The hardest part of this was the constraint that you can't have more than 3 players from any one team. To do this I made a big matrix of every team and every player. Imagine a table with a column for every player, a row for every team, and a 1 in the cells where the player is in the team.

You then make it a criteria where effectively when you pick out your players (the columns) and put them together in a new table, none of the rows (the teams, where there is a 1 for each player in the team) can add up to more than 3.

In code, this all looks like the below - confusing if you've never used the lpSolveAPI, but basically setting out the criteria. As a cut down example:

matrix <- as.numeric(lp_data$element_type=="Goalkeeper") # Number of goalkeepers 
direction <- c( "==" ) # Must equal
rhs <- c(1)            # One

The full code:

# Creating matrix of all teams, and if player is in the team (used for maximum player/team criteria)
teamMatrix <- lapply(unique(lp_data$team), function(name) as.numeric(lp_data$team==name))
teamMatrix <- t(matrix(unlist(teamMatrix), ncol=n_distinct(lp_data$team)))

# Constraints
matrix <- rbind(
  as.numeric(lp_data$element_type=="Goalkeeper"),
  as.numeric(lp_data$element_type=="Defender"),
  as.numeric(lp_data$element_type=="Defender"),
  as.numeric(lp_data$element_type=="Midfielder"),
  as.numeric(lp_data$element_type=="Midfielder"),
  as.numeric(lp_data$element_type=="Forward"),
  as.numeric(lp_data$element_type=="Forward"),
  as.numeric(lp_data$element_type %in% c("Goalkeeper","Defender","Midfielder","Forward")),
  lp_data$now_cost,
  teamMatrix
)

direction <- c(
  "==",
  ">=",
  "<=",
  ">=",
  "<=",
  ">=",
  "<=",
  "==",
  "<=",
  rep("<=",nrow(teamMatrix))
)

rhs <- c(
  1,
  3,
  5,
  3,
  5,
  3,
  5,
  11,
  1000,
  rep(3,nrow(teamMatrix))
)

# Running the solver
sol <- Rglpk_solve_LP(obj = obj, mat = matrix, dir = direction, rhs = rhs,
                      types = var.types, max = TRUE)

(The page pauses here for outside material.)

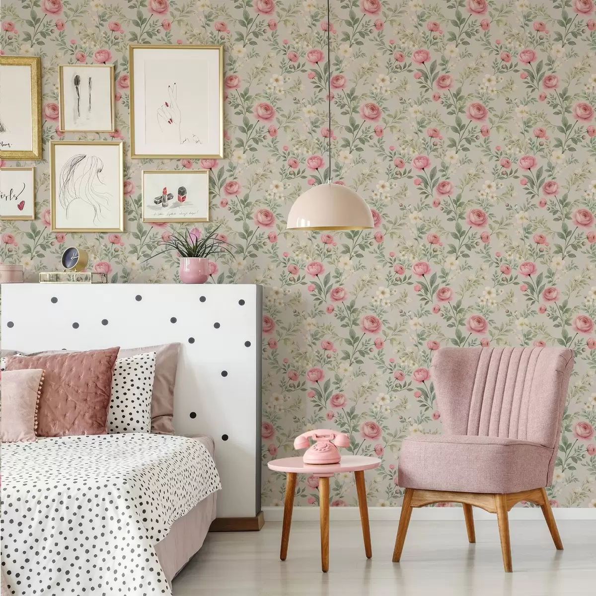 Papel tapiz Peonías y flores blancas en acuarela sobre fondo gris-beige Nr. a00592

# Tibble of the final team
final_team <- lp_data[sol$solution==1,]
sum(final_team$now_cost)
sum(final_team$predicted)

The output is a table of the players selected to be in this top scoring team. With an easy bit of manipulation to calculate where each player would go (think that can then be turned into a graph of the team in formation using the wonderful ggplot package.

# Final graph
team_graph <- ggplot(graph_data2,aes(x,y,colour=team))+
  geom_point(size=10)+
  geom_text(aes(label=name_captaincy),vjust=-2)+
  geom_text(aes(label=round(predicted_captaincy,0)),colour="white",size=4,fontface="bold")+
  geom_text(aes(label=paste0("£",now_cost/10,"m")),vjust=2.5)+
  annotate("text",1,1.5,label=paste0("Total cost: £",sum(graph_data2$now_cost)/10,"m"),fontface="bold")+
  annotate("text",1,1.35,label=paste0("Total points: ",sum(round(graph_data2$predicted_captaincy),0)),fontface="bold")+
  annotate("text",filter(graph_data2,element_type == "Goalkeeper")$x,0.5,label="Number in circle is predicted points. Number below is cost", fontface = "italic", colour = "grey") +
  annotate("text",filter(graph_data2,element_type == "Goalkeeper")$x,0.3,label="The captain (c) has their points doubled", fontface = "italic", colour = "grey") +
  theme_void()+
  ylim(0,max(graph_data2$y)*1.1)+
  xlim(0,max(graph_data2$x)+min(graph_data2$x_step))+
  labs(colour="Team")+
  ggtitle(paste0("Optimal FPL Team (Week ",week,") - ",model_longname))+
  theme(plot.title = element_text(hjust=0.5,colour="grey47"))

png(paste0("outputs/","Chosen_team_week_",week," (",model_name,").png"), width=1280,height=800,res=144)
team_graph
dev.off()

All that's left is to compare it to the actual best team if its a week that's already passed - the same process, but using actual points instead of predicted points.

And voila, a model trained to predict the ideal fantasy football team for the next five weeks, and show you it in formation!